[Opening Provided records section]

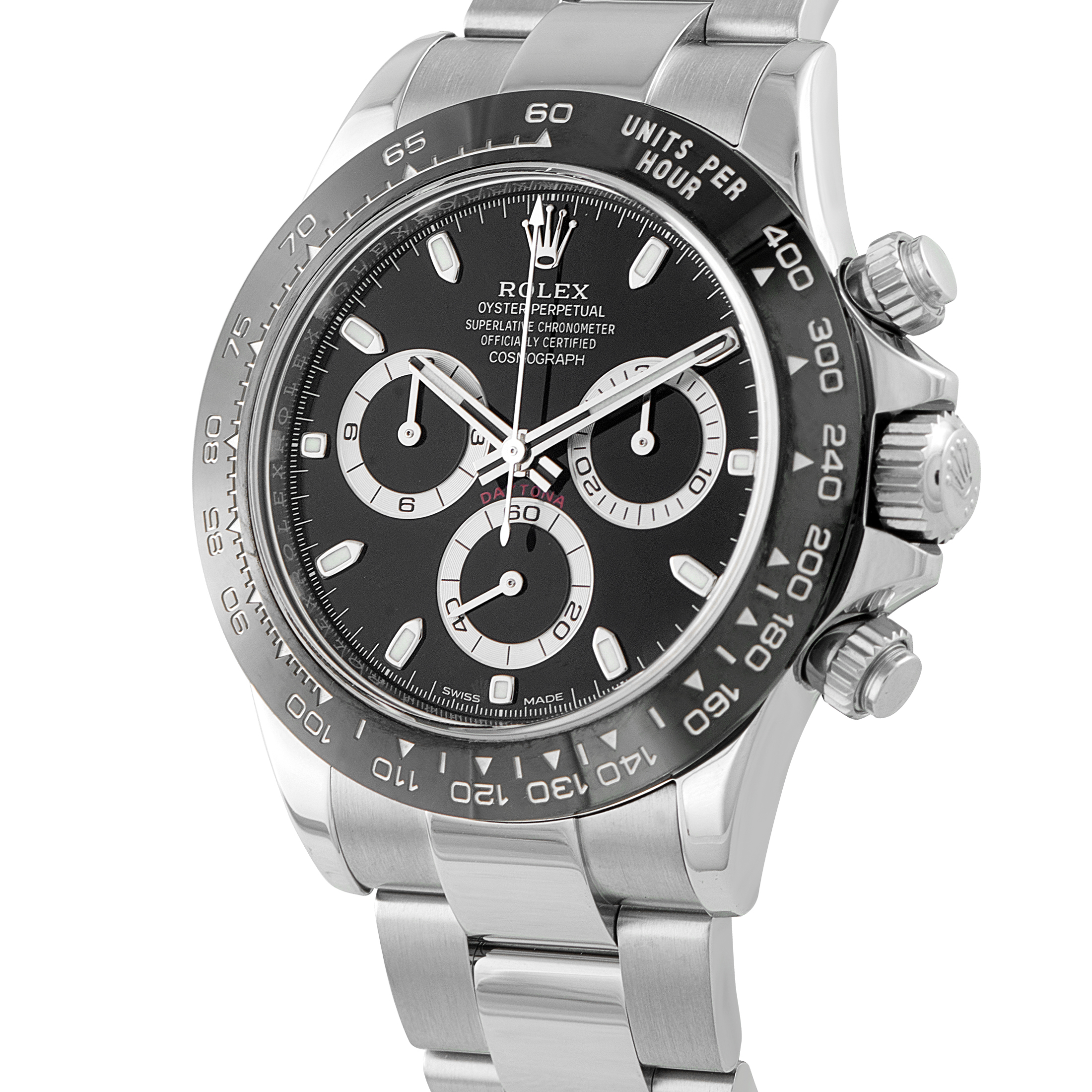 Offered pre-owned, this Rolex Cosmograph Daytona Black Dial Steel Watch 116500LN comes with papers and the manufacturer’s box.
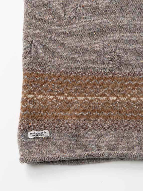 POSH-FCTはFC TWEEDの単糸とPOSH14の単糸を撚糸したオリジナル素材です。柔らかな風合いと保温性、保湿性、シルクネップの表面感が特徴です。〈FC TWEED〉羊毛の産地であるオーストラリアのジロン地方で産出される、メリノ種の生後6ヶ月以内に採取した子羊の毛「エクストラファインラムウール」とアンゴララビットの毛を混紡しました。アンゴララビットの毛質はエクストラファインラムウールと同様にとても柔らかく繊細です。FC TWEEDは1本1本、丁寧に手作業で刺毛を取り除いた「ハンドデイヘアー」を使用しています。これらの素材を厳選して使用する事により、相乗効果が生まれ、保温性、保湿性共に優れ、ぬめり感もある素材になりました。紡毛糸の膨らみを持った暖かな風合いにネップをプラスする事で、ソフトツィード素材に仕上げています。〈POSH14〉オーストラリアのメリノ種と英国長毛種の交配によるカムバック種のラムウールを使用した素材です。毛質はメリノ種の持つ柔らかく肌触りの良い風合いに英国羊毛のスポンディッシュで膨らみが良い特徴を兼ね備えています。この良質な原料を紡績することにより、空気を含み非常に膨らみが良く、軽く暖かな素材となり、優しい風合いで保温性、保湿性、共に優れた糸が出来上がりました。
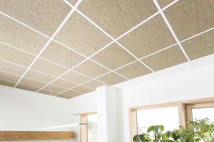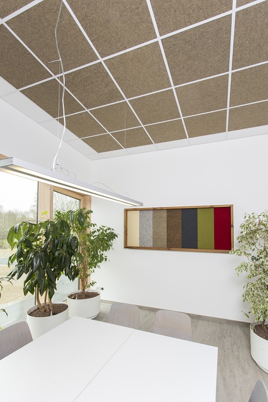 Produktinformationen "Akustikdeckenplatte für Rasterdecke, Schallabsorber, gesunde Raumluft durch Schafwollfilz, Farbe Mittelbraun"
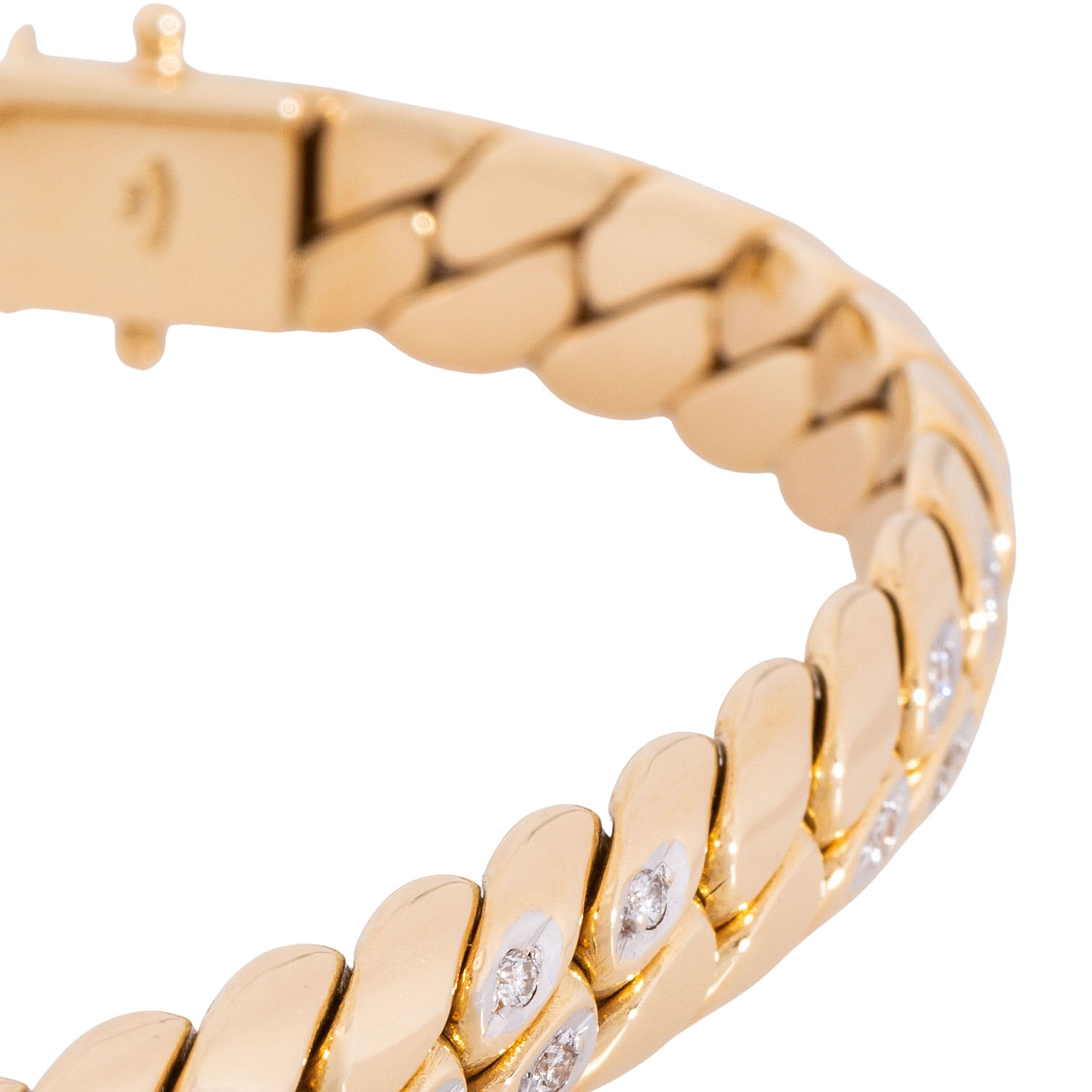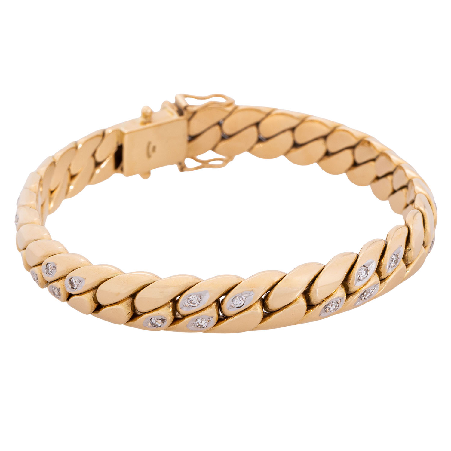 zus. ca. 0,32 ct, WEISS (H)/SI, WG/GG 18K, 66,3 g, L; ca. 19 cm, B: ca. 0,9 cm, Ende 20. Jh, minimale Tragespuren, massiv gearbeitet, Handarbeit, (punz.).
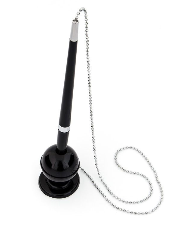 Oplev vores elegante kuglepen med kæde og holder, ideelt designet til offentlige steder som kontorer, skranker, receptionsområder og sekretariater. Den roterende holder-kugle sikre god funktionalitet. Den selvklæbende stabile base garanterer, at kuglepennen forbliver på plads på jævne overflader. Optimer dit arbejdsområde med denne praktiske løsning, der kombinerer funktionalitet med et tidløst design. • Antal: 1 stk• Farve: blå • Stregtykkelse: 1 mm
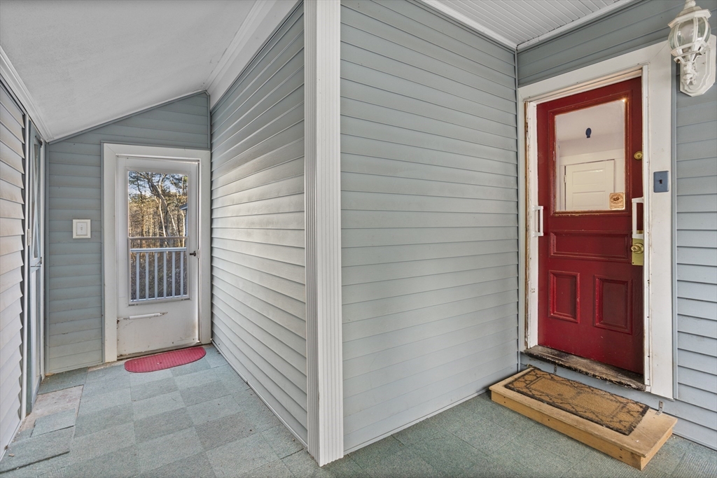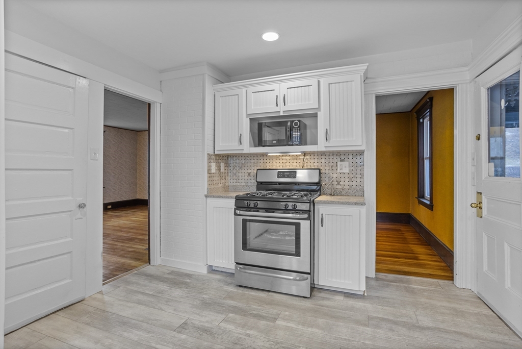 This charming Westford home features an updated white kitchen with granite counters, marble backsplash and stainless steel appliances. Additional features include the gas range, vinyl flooring and pantry storage. Newly refinished wood floors shine throughout the living room, dining room, and bedrooms. Generous ceiling heights, comfortable room sizes, and an easy flow enhance everyday living. Character-rich details include a built-in dining room hutch, a kitchen alcove with arched doorway showcasing the sink and fridge, and substantial baseboards and trim. The updated full bath provides great storage in the oversized linen closet. Low maintenance vinyl windows and siding and a composite deck with vinyl railings offer easy upkeep. A breezeway/mudroom provides a seamless transition to the kitchen from front and back yards as well as the garage. The bright and inviting front sun porch is the perfect spot for relaxing. Westford offers great schools, beaches and over 75 miles of trails.
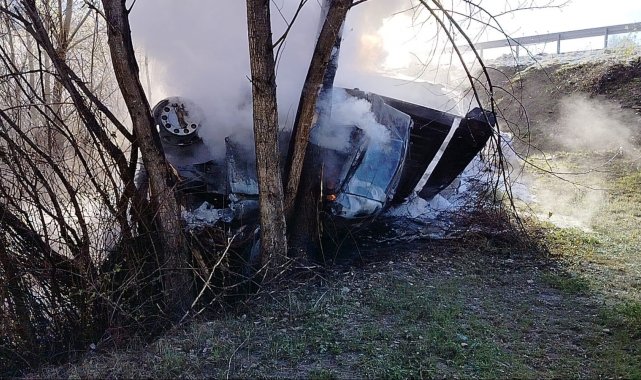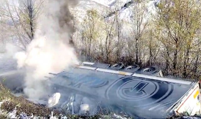 Kontrolden çıkıp devrilen tır alev aldı, sürücü hayatını kaybetti
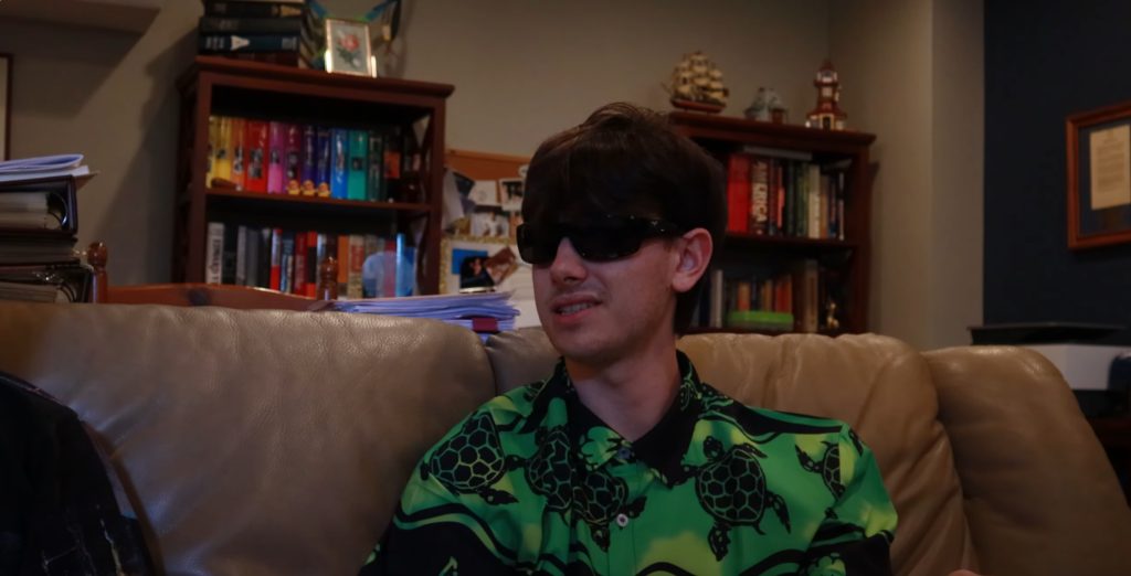 The courtroom sequence is a highlight, even if the setting is clearly an auditorium repurposed as a makeshift chamber of justice. Here, Timothy is told by the chancellor that he is not a “real person” but merely an idea, a ruling that condemns him to the incinerator. Just as all seems lost, The Void plunges the room into darkness, allowing the pair to make a daring escape. Their flight leads them to “The Human Making Machine,” a wonderfully lo-fi contraption that transforms Timothy into flesh and blood. The Pinocchio parallel is obvious, but it works – especially when Timothy, now human and sporting a turtle-print shirt, casually joins Stone on the sofa as though nothing strange had occurred.

[Closing Provided records section]

*What this task involves*.
Find where the line with "zus. ca. 0,32" sits in the material above and where the line with "Oplev vores elegante" sits. Set down exactly the lines from the first to the second, both included and nothing else, without pictures.

*Solved exercise*.
 zus. ca. 0,32 ct, WEISS (H)/SI, WG/GG 18K, 66,3 g, L; ca. 19 cm, B: ca. 0,9 cm, Ende 20. Jh, minimale Tragespuren, massiv gearbeitet, Handarbeit, (punz.).
 Oplev vores elegante kuglepen med kæde og holder, ideelt designet til offentlige steder som kontorer, skranker, receptionsområder og sekretariater. Den roterende holder-kugle sikre god funktionalitet. Den selvklæbende stabile base garanterer, at kuglepennen forbliver på plads på jævne overflader. Optimer dit arbejdsområde med denne praktiske løsning, der kombinerer funktionalitet med et tidløst design. • Antal: 1 stk• Farve: blå • Stregtykkelse: 1 mm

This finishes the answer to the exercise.